What a difference time can make. It has been a little over four years since I’ve last set foot in the East African country of Kenya. On Tuesday, February 28 I arrived on familiar soil to a place that has undergone several changes and upgrades.

First noticeable change, though I knew about it, was the airport. The Jomo Kenyatta airport had a major explosion and fire nearly four years ago. That required the international section to undergo a major much needed renovation. Prior to the upgrade the airport seemed to be locked in the 60’s or 70’s, very gloomy and old. So it was nice to see a newer looking airport, though going through immigration and customs was still very slow and confusing…not much had changed there. For the first time I’ll make use of the airports domestic terminal later in the month when I travel to and from the coast. Being out of practice and getting a little older (that excuse seem to work for everyone else), I’m just not in the mood for the nine hour bus trip to the coast and nine hours back.
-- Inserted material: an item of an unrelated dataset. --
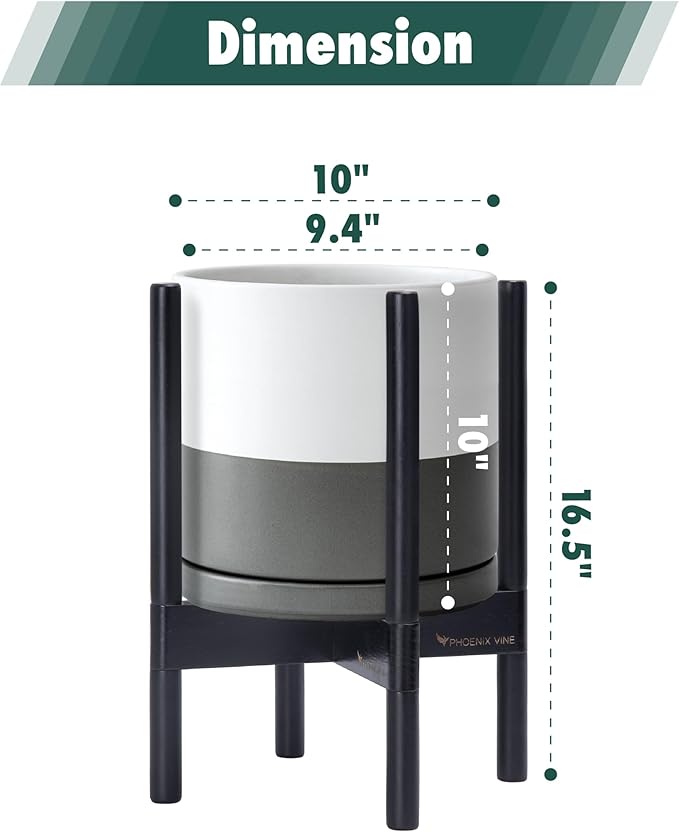 • 10 Inch Pot with Stand Set: Planter size: 10"Diameter x 10"H; pot with stand total height: 16.5 inch.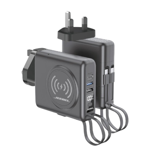 استمتع براحة الشحن المتكامل في كل مكان مع شاحن Jeebel JE-B339 الذكي، الذي يجمع بين شاحن جداري، باور بانك، شحن لاسلكي، شحن سريع PD، وكابلات مدمجة في تصميم واحد محمول.

Of course there were a few other changes I noticed as I traveled to my hotel that night, and later the next day as I traveled to the home of my host. There are new business hotels that hopefully will remain economical for those traveling to this extremely expensive country for those traveling solo. For a nice safe and clean hotel one can expect to  pay a minimum of $160 a night for a single room. And that just starting out. Want a stay at the American hotels like Hilton or Holiday Inn, then look to pay around $230, and you that may not include breakfast or internet.

The major upgrade, thanks to the Chinese who also own some of the new business hotels, is the road improvements. The Chinese have been very busy upgrading Kenya’s roads and highways. Years ago the Germans had made major contribution to the upgrade of the main highway between Nairobi and Mombasa, which was desperately needed as the journey is already long and tedious.  Now the the Chinese have taken over all major road work. And whether the roads are quality will remain to be seen, but they are very nice for now.

Unfortunately, the driving is still as scary as ever. I’m trying to embrace the custom and sit back and enjoy each trip…but while I’m in the Nairobi area I’m staying put as much as possible and just enjoy the lovely home of my host.